(INPUT RECORDS begins)

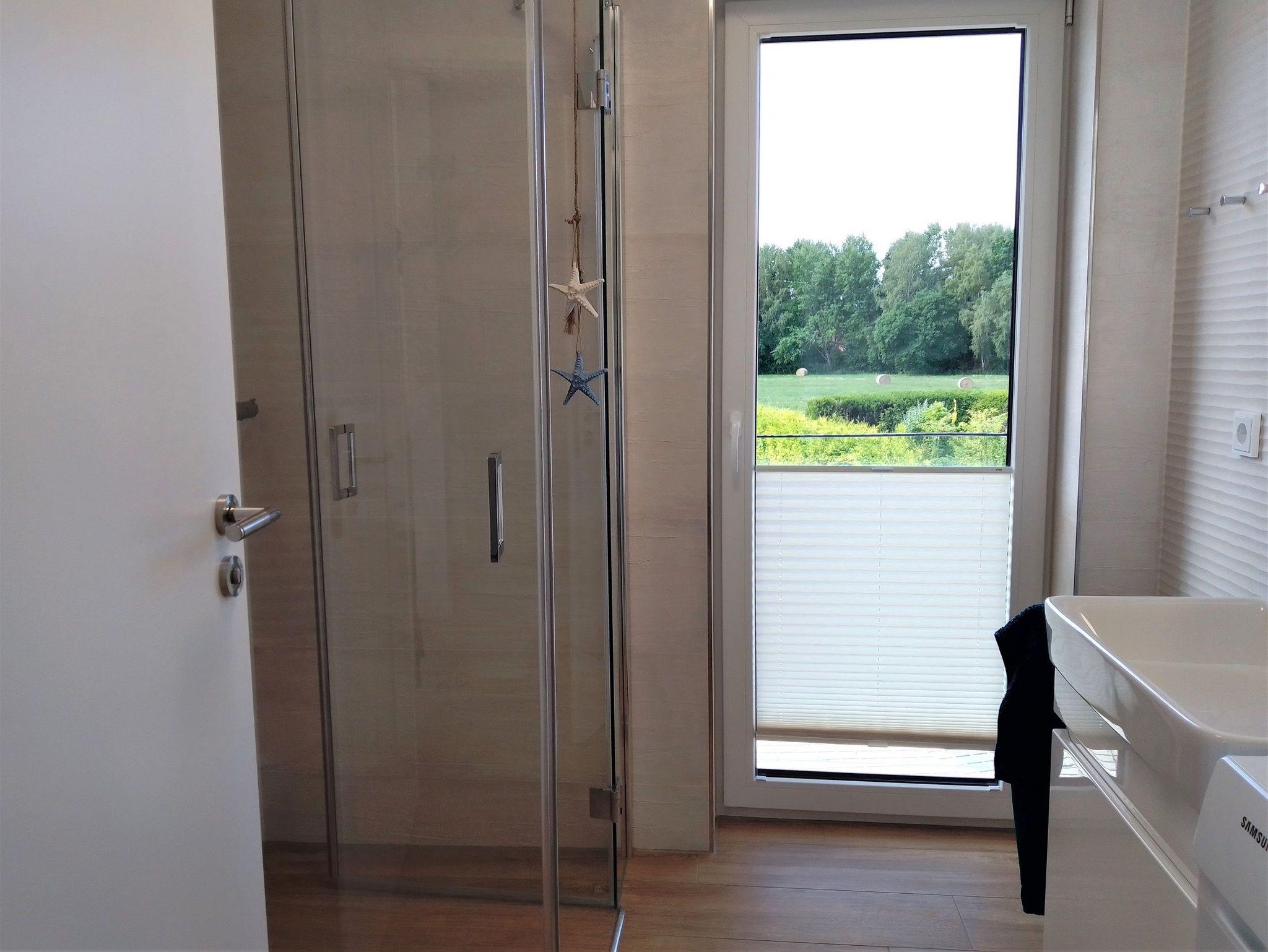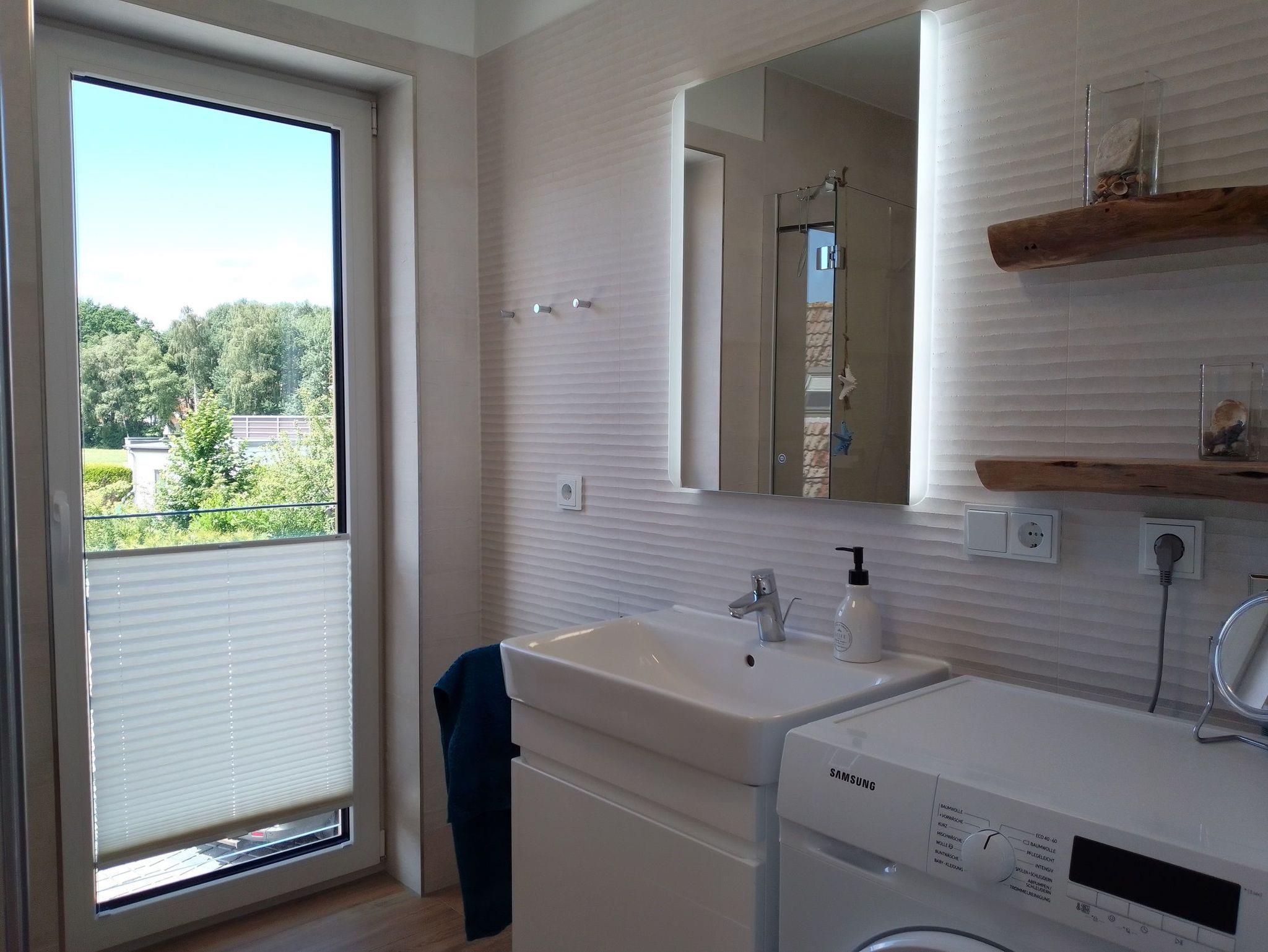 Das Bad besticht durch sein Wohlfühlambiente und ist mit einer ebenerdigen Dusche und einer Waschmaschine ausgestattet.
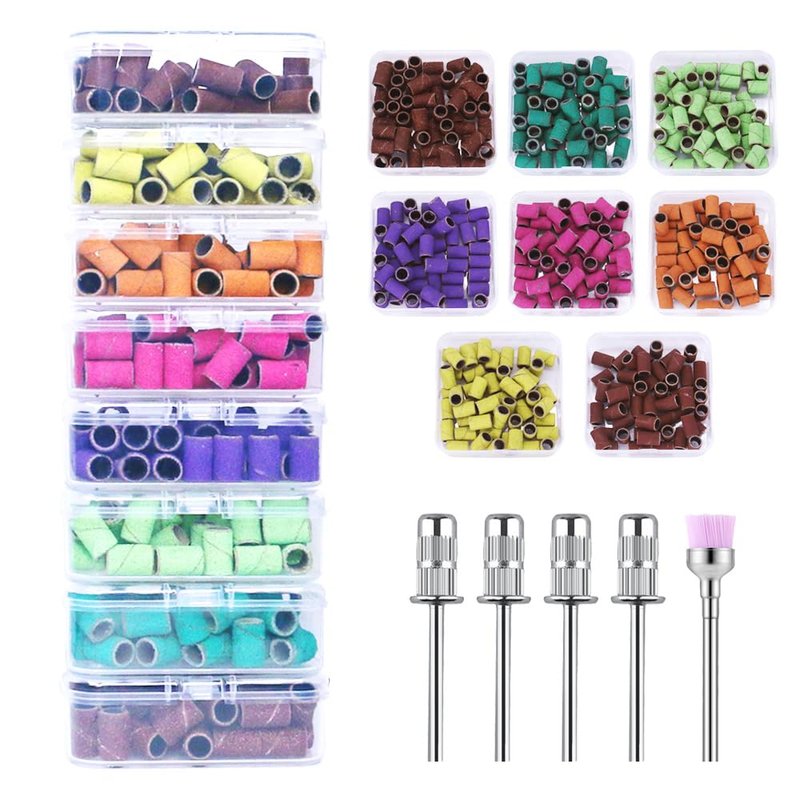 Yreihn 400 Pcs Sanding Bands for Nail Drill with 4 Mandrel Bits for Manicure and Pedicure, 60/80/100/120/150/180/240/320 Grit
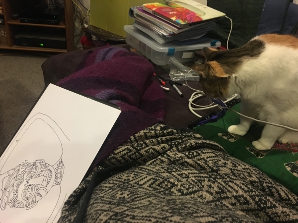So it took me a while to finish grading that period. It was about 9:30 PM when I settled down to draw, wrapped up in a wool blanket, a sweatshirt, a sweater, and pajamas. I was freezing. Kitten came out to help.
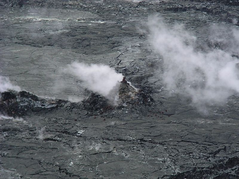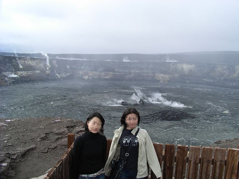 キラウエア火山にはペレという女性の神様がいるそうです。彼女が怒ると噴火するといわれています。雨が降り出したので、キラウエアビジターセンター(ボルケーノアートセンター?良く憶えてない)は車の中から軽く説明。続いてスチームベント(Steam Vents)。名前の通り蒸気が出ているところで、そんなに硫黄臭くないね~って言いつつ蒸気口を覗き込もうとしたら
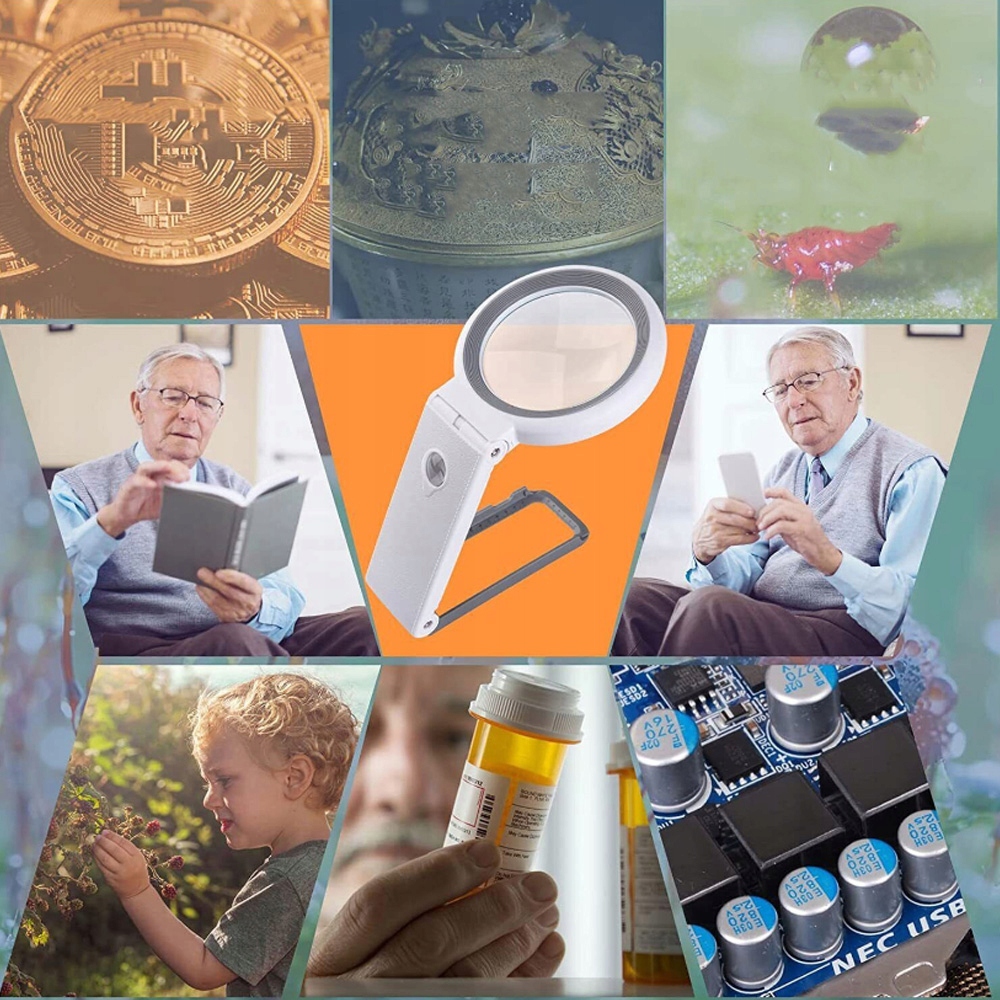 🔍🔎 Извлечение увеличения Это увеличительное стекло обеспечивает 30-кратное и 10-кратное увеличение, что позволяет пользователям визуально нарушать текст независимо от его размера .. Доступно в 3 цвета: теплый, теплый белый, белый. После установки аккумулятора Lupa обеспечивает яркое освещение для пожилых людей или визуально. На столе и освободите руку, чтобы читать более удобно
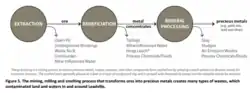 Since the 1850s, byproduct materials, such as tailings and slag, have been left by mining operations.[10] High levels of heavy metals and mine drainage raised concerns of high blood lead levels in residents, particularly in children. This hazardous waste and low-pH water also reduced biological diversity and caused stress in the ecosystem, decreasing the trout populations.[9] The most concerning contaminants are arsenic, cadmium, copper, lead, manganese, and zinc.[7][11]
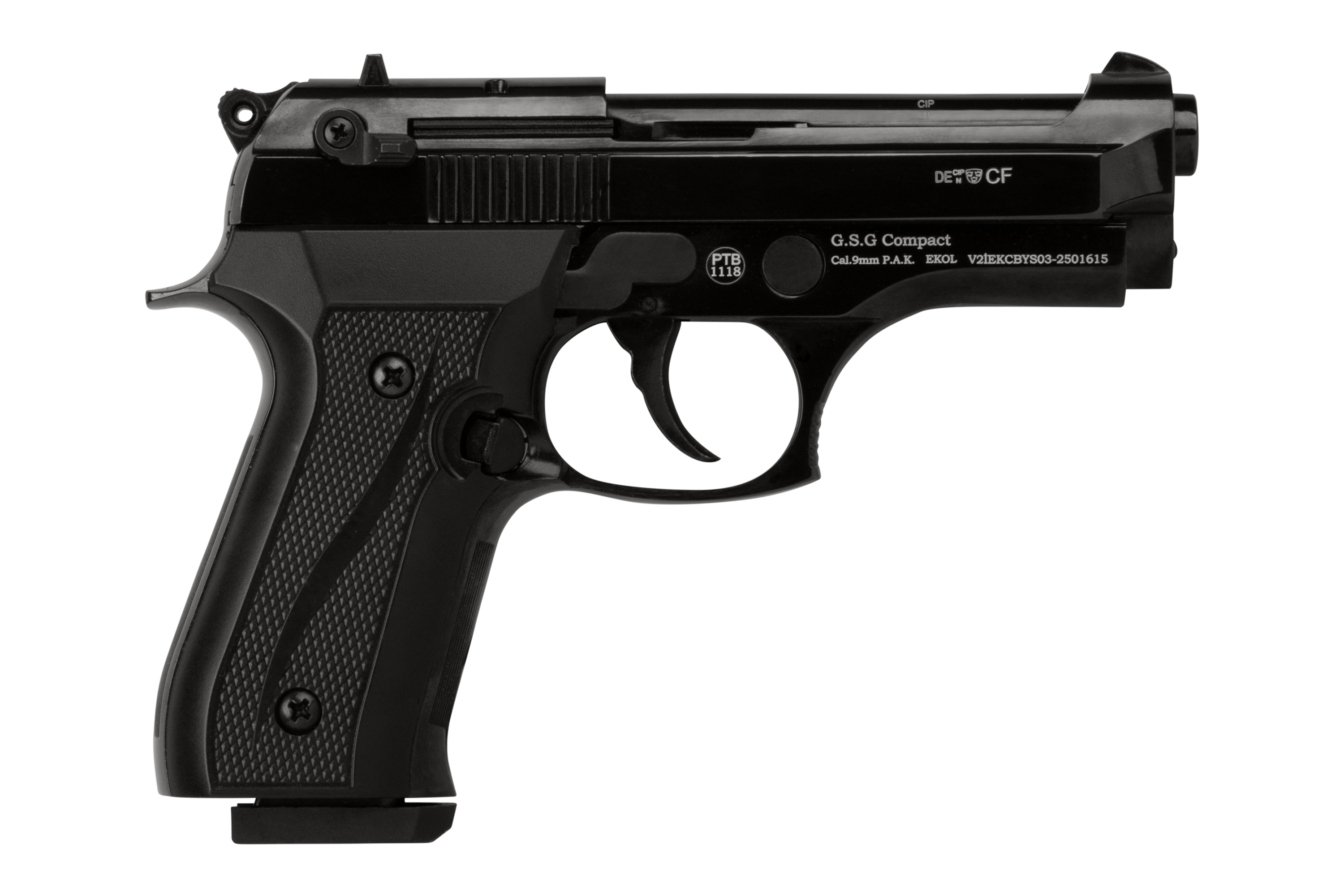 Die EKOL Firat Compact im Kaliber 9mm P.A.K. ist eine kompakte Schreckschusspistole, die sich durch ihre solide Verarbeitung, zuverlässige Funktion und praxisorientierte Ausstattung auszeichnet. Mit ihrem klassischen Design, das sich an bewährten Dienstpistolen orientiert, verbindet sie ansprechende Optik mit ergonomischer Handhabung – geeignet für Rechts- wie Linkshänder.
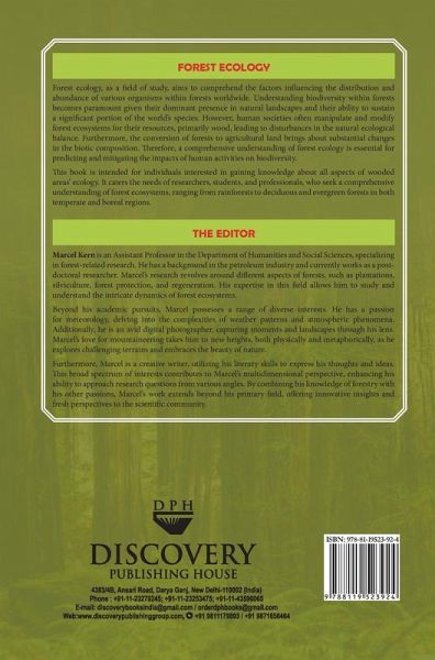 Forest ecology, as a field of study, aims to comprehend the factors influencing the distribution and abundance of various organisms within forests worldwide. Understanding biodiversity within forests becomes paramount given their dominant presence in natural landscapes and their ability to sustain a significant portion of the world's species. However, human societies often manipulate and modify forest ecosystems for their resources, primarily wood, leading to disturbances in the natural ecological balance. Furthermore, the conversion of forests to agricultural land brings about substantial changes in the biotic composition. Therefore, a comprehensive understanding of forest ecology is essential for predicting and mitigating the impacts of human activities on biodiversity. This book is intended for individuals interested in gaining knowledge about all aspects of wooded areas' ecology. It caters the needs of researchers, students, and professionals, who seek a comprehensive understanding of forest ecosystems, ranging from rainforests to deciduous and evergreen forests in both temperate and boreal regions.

(INPUT RECORDS ends)

## PROBLEM TO WORK ON
In the records above, find the line with "キラウエア火山にはペレという" and the line with "Die EKOL Firat". Write out exactly those lines and every one between, with no pictures and no other lines.

## TASK RESPONSE
 キラウエア火山にはペレという女性の神様がいるそうです。彼女が怒ると噴火するといわれています。雨が降り出したので、キラウエアビジターセンター(ボルケーノアートセンター?良く憶えてない)は車の中から軽く説明。続いてスチームベント(Steam Vents)。名前の通り蒸気が出ているところで、そんなに硫黄臭くないね~って言いつつ蒸気口を覗き込もうとしたら
 🔍🔎 Извлечение увеличения Это увеличительное стекло обеспечивает 30-кратное и 10-кратное увеличение, что позволяет пользователям визуально нарушать текст независимо от его размера .. Доступно в 3 цвета: теплый, теплый белый, белый. После установки аккумулятора Lupa обеспечивает яркое освещение для пожилых людей или визуально. На столе и освободите руку, чтобы читать более удобно
 Since the 1850s, byproduct materials, such as tailings and slag, have been left by mining operations.[10] High levels of heavy metals and mine drainage raised concerns of high blood lead levels in residents, particularly in children. This hazardous waste and low-pH water also reduced biological diversity and caused stress in the ecosystem, decreasing the trout populations.[9] The most concerning contaminants are arsenic, cadmium, copper, lead, manganese, and zinc.[7][11]
 Die EKOL Firat Compact im Kaliber 9mm P.A.K. ist eine kompakte Schreckschusspistole, die sich durch ihre solide Verarbeitung, zuverlässige Funktion und praxisorientierte Ausstattung auszeichnet. Mit ihrem klassischen Design, das sich an bewährten Dienstpistolen orientiert, verbindet sie ansprechende Optik mit ergonomischer Handhabung – geeignet für Rechts- wie Linkshänder.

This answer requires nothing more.